A plurality of substrate suction members 20 are provided on each holding table 10 corresponding to a predetermined position in the opening of the substrate holder 1, for example, a central portion. Further, each support 10 is provided with a plurality of support pins 30.
2A and 2B are configuration diagrams showing attachment of the substrate suction member 20 and the support pins 30 to the holding table 10, FIG. 2A is a configuration diagram viewed from above, and FIG. 2B is a side view. The substrate suction member 20 and the support pins 30 are held at a predetermined interval between the two holding plates 10a and 10b. A suction tube 21 is connected to each substrate suction member 20. The suction tube 21 is disposed between the two holding plates 10a and 10b. The suction tube 21 is formed of, for example, a light transmissive material. It is preferable that the bottom surfaces of the two holding plates 10a and 10b are formed of a light transmitting member.

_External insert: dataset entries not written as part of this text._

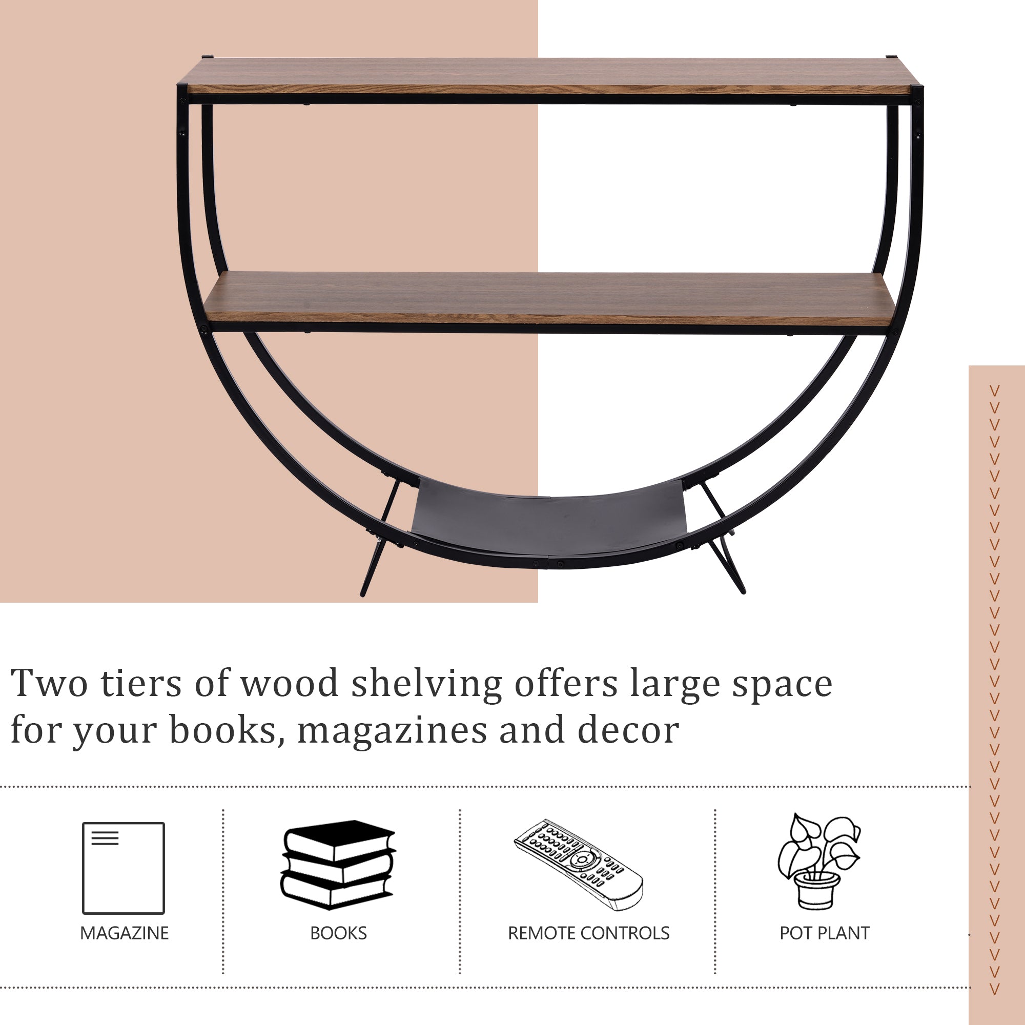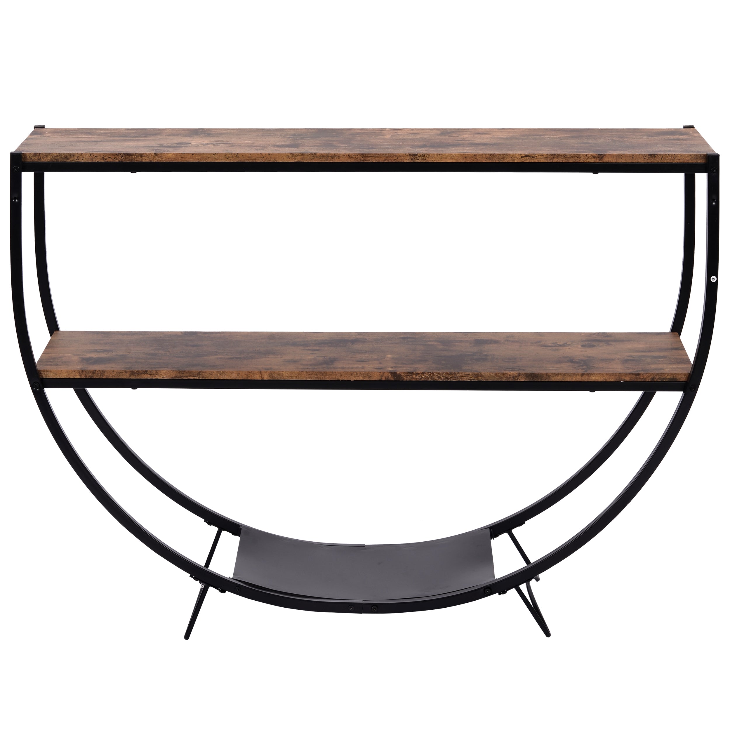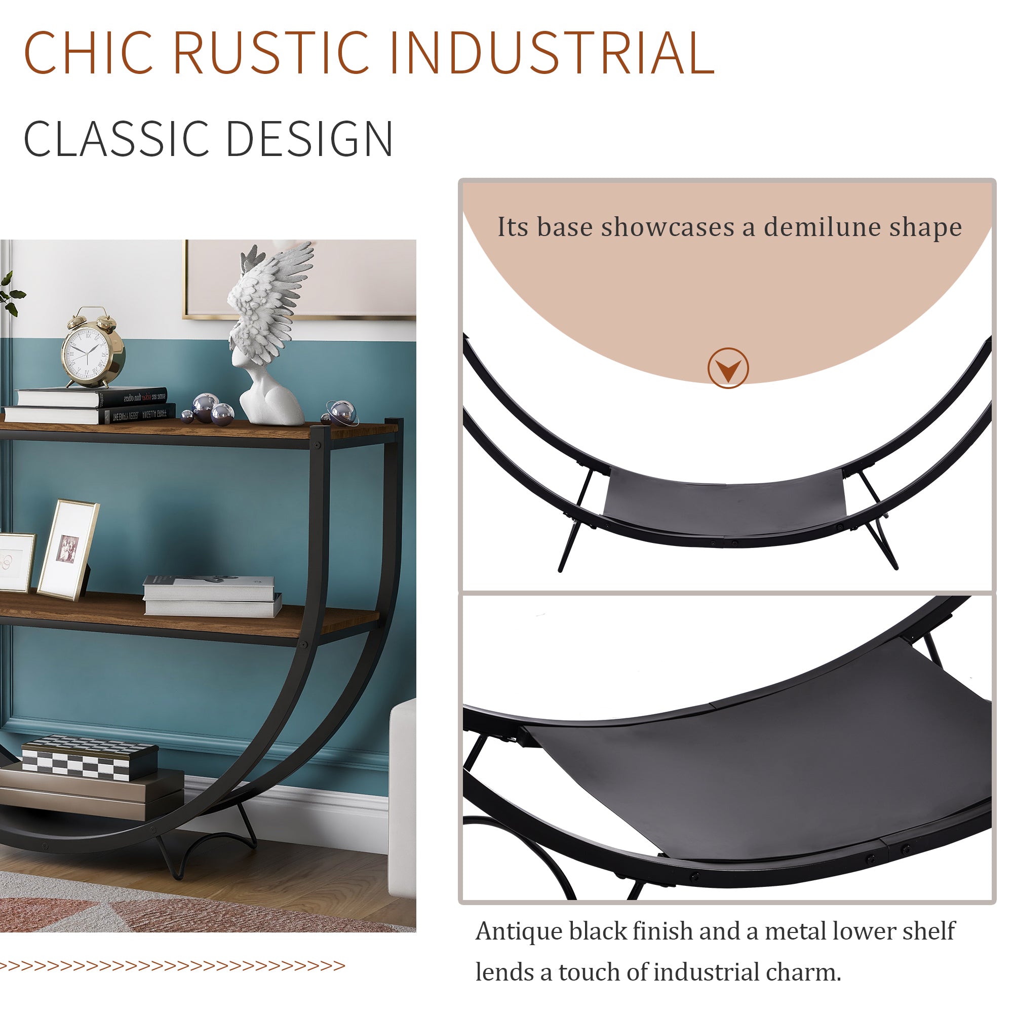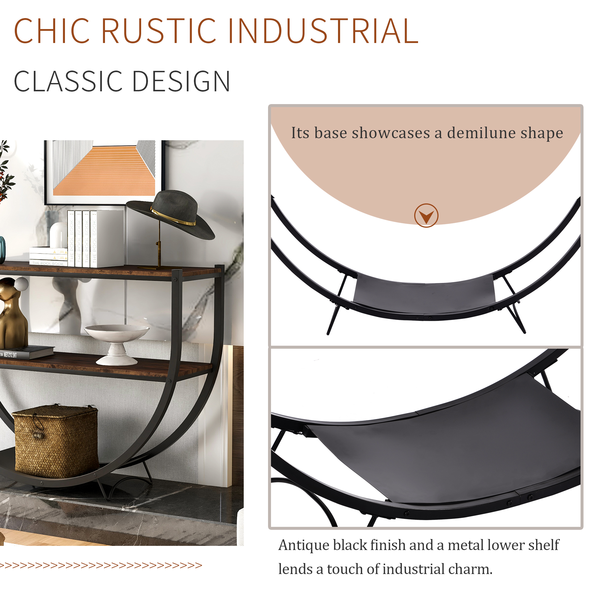 Demilune Shape \ Rustic Industrial Design \ Textured Metal Distressed Wood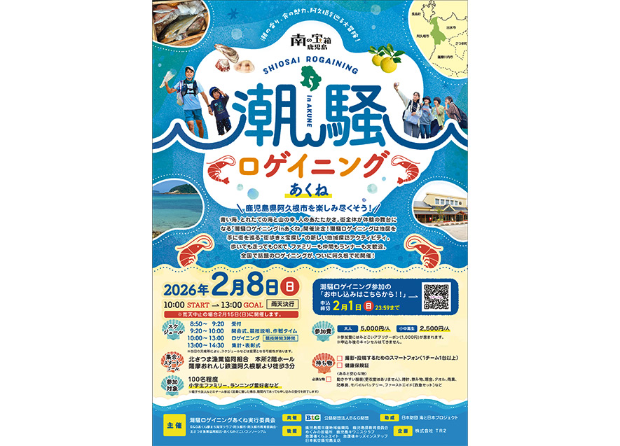 2月8日(日)に鹿児島県阿久根市にて今年度から初めて行うイベント『潮騒ロゲイニング in あくね』を開催いたします。 近年話題になっている『ロゲイニング』という野外スポーツを通じて、阿久根市の様々な魅力に気づいていけるイベントになっています! ロゲイニングはチーム戦で、大人も子どもも一緒にできるスポーツなので、どんな世代の方もお誘いあわせのうえぜひご参加ください!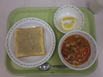 今日の給食は、セサミトースト、牛乳、チリビーンズシチュー、はるかです。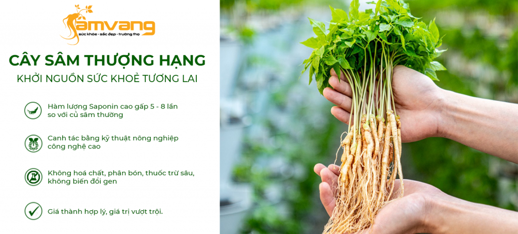 Sâm tươi đến từ Sâm Vàng mang giá trị dinh dưỡng cao gấp 8 lần do sử dụng kĩ thuật nông nghiệp kỹ thuật cao. Không sử dụng hóa chất, phân bón, thuốc trừ sâu và biến đổi gen. Các sản phẩm từ Sâm Vàng có thể ăn phần rễ, thân thậm chí là lá bởi quy trình sản xuất an toàn.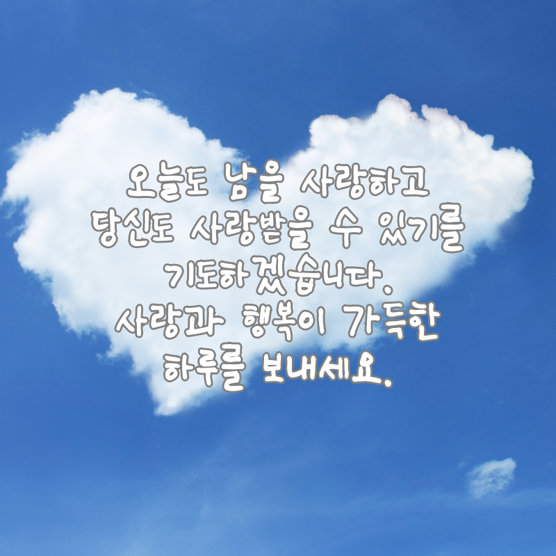 10. 오늘도 남을 사랑하고 당신도 사랑받을 수 있기를 기도하겠습니다. 사랑과 행복이 가득한 하루를 보내세요.

3A and 3B are configuration diagrams in which only the support pins 30 are attached to the holding table 10, FIG. 3A is a configuration diagram viewed from above, and FIG. 3B is a side view. A plurality of support pins 30 are held at predetermined intervals between the two holding plates 10a and 10b.
FIG. 4 is a sectional configuration diagram of the substrate suction member 20. The substrate holding member 22 is provided on the substrate suction member 20. A suction passage 23 is formed in the substrate holding shaft 22 in the axial direction. An adsorbing member 24 made of an elastic material is attached to the tip of the substrate holding shaft 22 so as not to come off. A suction hole 25 for communicating with the suction passage 23 is formed in the suction member 24. The suction member 24 is held at the distal end of the substrate holding shaft 22 by a detachment prevention ring 26. Further, a suction tube 21 is attached to a lower portion of the substrate suction member 20 by an attachment end 27. The suction tube 21 is connected to the suction passage 23 by being attached to the substrate suction member 20. Note that the suction tube 21 is connected to a suction pump P provided outside the substrate holder 1.
FIG. 5 is a sectional configuration diagram of the support pin 30. The support pin 30 is provided with a columnar holding shaft 31. A recess 32 is formed at the tip of the holding shaft 31, and a ball 33 is rotatably provided in the recess 32. On the base side of the holding shaft 31, an abutment groove 35 for receiving the screw tightening of the fixing screw 34 and a clearance groove 37 for preventing the fixing screw 36 from abutting are formed. Further, a screw 31a is formed in the holding shaft 31 below the escape groove 37, and the holding shaft 3131 is screwed into a screw hole 38a formed in a lower portion of the holding bearing 38, and can be moved in the vertical direction (the direction of arrow A). It is provided in.
Therefore, the height of the support pin 30 is adjusted by moving the holding shaft 31 from the bottom opening of the holding bearing 38 in the direction of arrow A while rotating the holding shaft 31 with a screwdriver, adjusting the height position, and then tightening the fixing screw 34. The fixing is performed by fixing the holding shaft 31 to the holding bearing 38.
In the lower part of the holding bearing 38, flat portions 39 and 40 for receiving the two holding plates 10a and 10b are formed on both sides. The holding bearing 38 is formed with screw holes 41 and 42 for passing the fixing screws 34 and 36, respectively.
The support pin 30 having such a structure can be attached to and detached from the two holding plates 10a and 10b by loosening the fixing screw 36, and can be supported only by rotating the holding shaft 31. The height of the pin 30 can be adjusted.
Next, height adjustment of the plurality of substrate suction members 20 and the plurality of support pins 30 provided on the substrate holder 1 will be described with reference to FIG.
A reference block 43 on which a reference plane 44 is formed is prepared. The reference plane 44 is a plane having no distortion or unevenness. At each end on the reference plane 44, each reference stand 45 is provided. These reference stands 45 are formed at a reference height H for adjusting the heights of the plurality of substrate suction members 20 and the plurality of support pins 30. The reference tables 45 are arranged at intervals suitable for the size of the substrate holder 1, and the holding table 10 is placed upside down between the reference tables 45.
The height of the substrate suction member 20 and the support pins 30 may be adjusted by placing the substrate holder 1 on the reference plane 44.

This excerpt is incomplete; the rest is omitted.